Cass. 3e civ. 21 January 2021, no. 19-22.219, Sté Eiffage Construction Côte d’Azur, ECLI:FR:CCASS:2021:C300103
Although many of the provisions of the 1975 Subcontracting Act are merely dispositive, provided that the stipulations of the contract are negotiated, Article 14, which deals with the surety of the principal contractor, stands out as being of public policy: it cannot be derogated from under penalty of nullity of the contract.
The decision of the Court of Cassation brings a new, restrictive, look to the regime of the surety.
Thus, traditionally, the surety must be taken out by the main contractor before the conclusion of the subcontract, and in any event, before the subcontracted work begins.
This rather strict regime has led in practice to the development of suspensive conditions concerning the main contractor’s surety, particularly under the advice of the French Building Federation (FFB). The decision of the Court of Cassation has completed the protection of the subcontractor by rendering null and void any contract concluded with a surety subject to a suspensive condition.
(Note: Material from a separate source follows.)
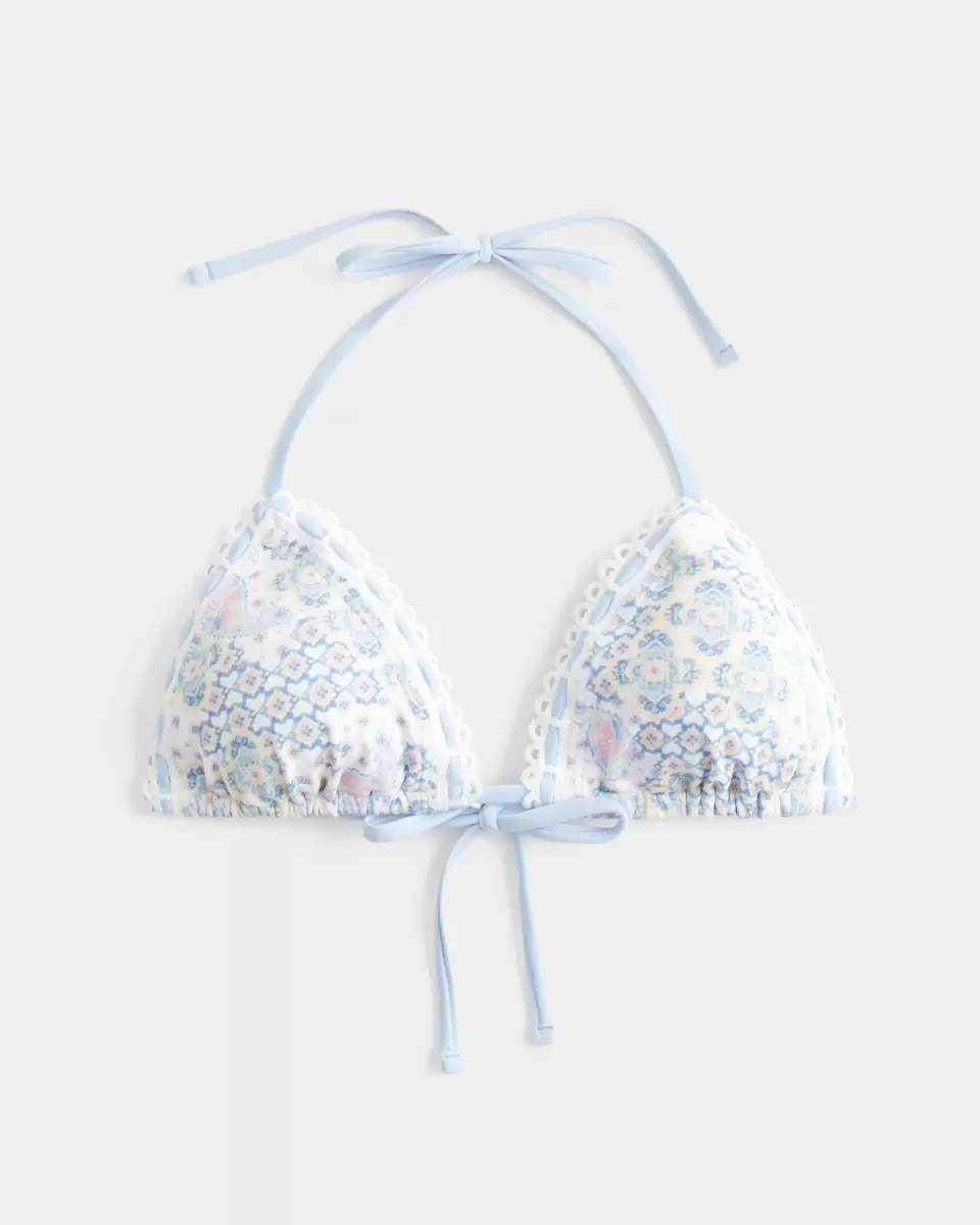 This cute bikini top is made with soft swim fabric and features a tie closure, crochet-style trim and removable padding. Classic triangle silhouette with halter ties. Imported.
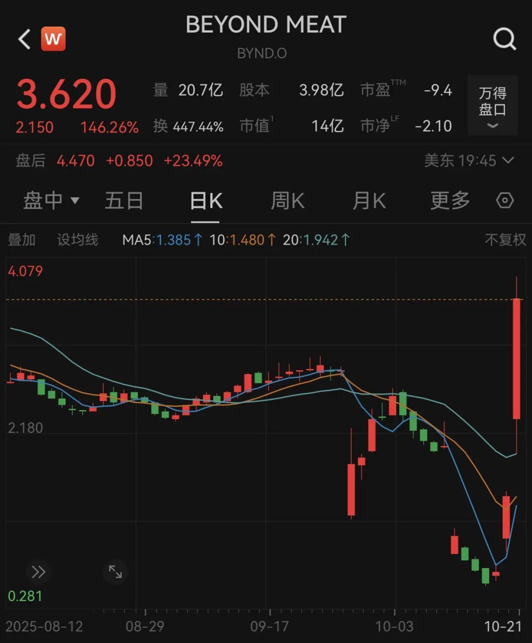 飆升!2天漲幅超450%,人造肉龍頭股再度火爆

This nullity, which stems from Article 15 of the 1975 Act, is intended exclusively to protect the subcontractor, so that this case law cannot be invoked by the main contractor.
Following this decision, it is necessary to check the conformity of the General Conditions, as the FFB’s recommendations on the subject are outdated, but also the settlement of current contracts to avoid disputes that could lead to the invalidity of the subcontracting.